“I tried once. Got a fellow in, a psychology professor from a college in Indiana. He wasn’t in there but five minutes.”
“What did he say?”
“He said Drew is lost. He’s trying to get out, he’s, what was the word? He’s recruiting mothers and children, to be his guides, but he’s too hurt and too slow to follow them. The fellow said Drew would keep doing it unless someone could take him the rest of the way. Then he refunded his fee and never came back.”
Lacey laid the crushed tissue on the table, beside her empty mug. She checked her watch. Eight forty-five, forty minutes since the last contraction. Was she safe, was the baby safe? What a question. Safe. “Do you think . . .” she said, and the house was suddenly full of noise, hammering and shrieking.
“Let me in, let me in,” a wild voice shouted from the porch.
Lacey grabbed Harry’s arm. “Who’s there?” she whispered.

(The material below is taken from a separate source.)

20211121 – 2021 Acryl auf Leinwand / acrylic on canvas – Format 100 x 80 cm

“It’s just Lex. And he’s got the baby with him.” Harry pushed her hand off his sleeve. “Don’t worry, he’s harmless.” He went to open the door.
Chapter Forty-six
ERIC SLEPT MORE DEEPLY than he had in months, a sleep so black that he became conscious during it, aware of himself floating, a leaf on a quiet sea. Blue-black weightlessness heaved and he drifted on the skin of it, breathing the pulse of its slow caress. As the night rolled toward morning, a sparkle of memory-dreams crowded behind his eyes, warmly vanilla scented. The Christmas morning when he and his brothers all got bicycles, three in a row, blue Schwinns with a red bow on each; the cornmeal pancakes his mother made for special mornings, first day of school, birthdays, and sometimes just Wednesdays. The first day of third grade, when he turned away from her good-bye-and-good-luck kiss, too old to be kissed in front of everyone. All that long day he felt heat on his face, the kiss he had rejected burning him, and when he walked his brothers home, he walked into the smell of sugar and vanilla. She had made cupcakes.

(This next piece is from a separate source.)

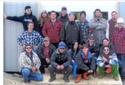
Construction d'un garage à la forêt école par le groupe de Protection et exploitation de territoires fauniques

Sleep sank away, and Eric struggled for reason in the swarming dreams. He had no little brothers. His brothers were fourteen and seventeen years old when he was born; they’d gone to college, one in California, the other in Texas, and had never come back. He hardly knew them; he’d grown up practically as an only child. His mother never made pancakes or walked him to school. He got a new bike every spring, not Christmas. Even as he puzzled over them, the dreams shredded, leaving a sense of affectionate nostalgia that he reflexively distrusted. When he was in third grade, he toasted his own Pop-Tart and walked out to catch the bus. His parents were already at the office, so he locked the house and set the security alarm. His mother had never made a cupcake in her life. Millions of dollars, yes, imaginary and criminal millions. No cupcakes.
The dream scent remained, and he was in an unfamiliar room, small, lined with bookshelves full of secondhand paperbacks. He had slept on an airbed with a puffy pink quilt and a flat pillow that smelled of cat. Somebody was cooking something.
Someone tapped on the door. “Are you decent?”
Sammie. “Yes,” Eric said, hoping it was true. Was he decent? What was he doing in Sammie’s apartment? He identified the quality of his hangover: red wine and self-pity. He fell back against the pillow, shaken by shame. Sammie came in with a small tiger at her heels, and the scent of his dream came in with her. “Waffles?” he said. The cat jumped on the bed and sat with its paws curled under its chest, staring at him with golden eyes full of inexpressible thought.
“Donnie Osmond says you’re in his bed,” Sammie said.
He pulled himself up against the pillows, working around the cat. It purred so loudly its shoulders quivered. “I dreamed about my mother,” he said.
“That’s pathetic. Get over it and eat your breakfast.”
Uncle Floyd came in, wearing a knee-length blue bathrobe that suggested all too strongly that he wasn’t wearing anything else. Eric fixed his eyes on the tiger-cat in order to avoid any more wrinkled pink glimpses. The cat stood up, hunched its back, and patted Eric’s hand with one heavy velvet paw. “Coffee,” Floyd said to Sammie.
“In a minute. Donnie Osmond likes waffles.” Sammie left, and Floyd sat on the bed with his knees a little too far apart. Eric tore off a bit of waffle for the cat, who took it delicately, with his whiskers fanned forward.
“You still working for Lex Hall?” Floyd said.
This brought back a third element of Eric’s hangover: red wine, self-pity, and a bracing lecture on marriage from Uncle Floyd. “I guess,” Eric said. “He’s supposed to get a new lawyer and call me for the files.”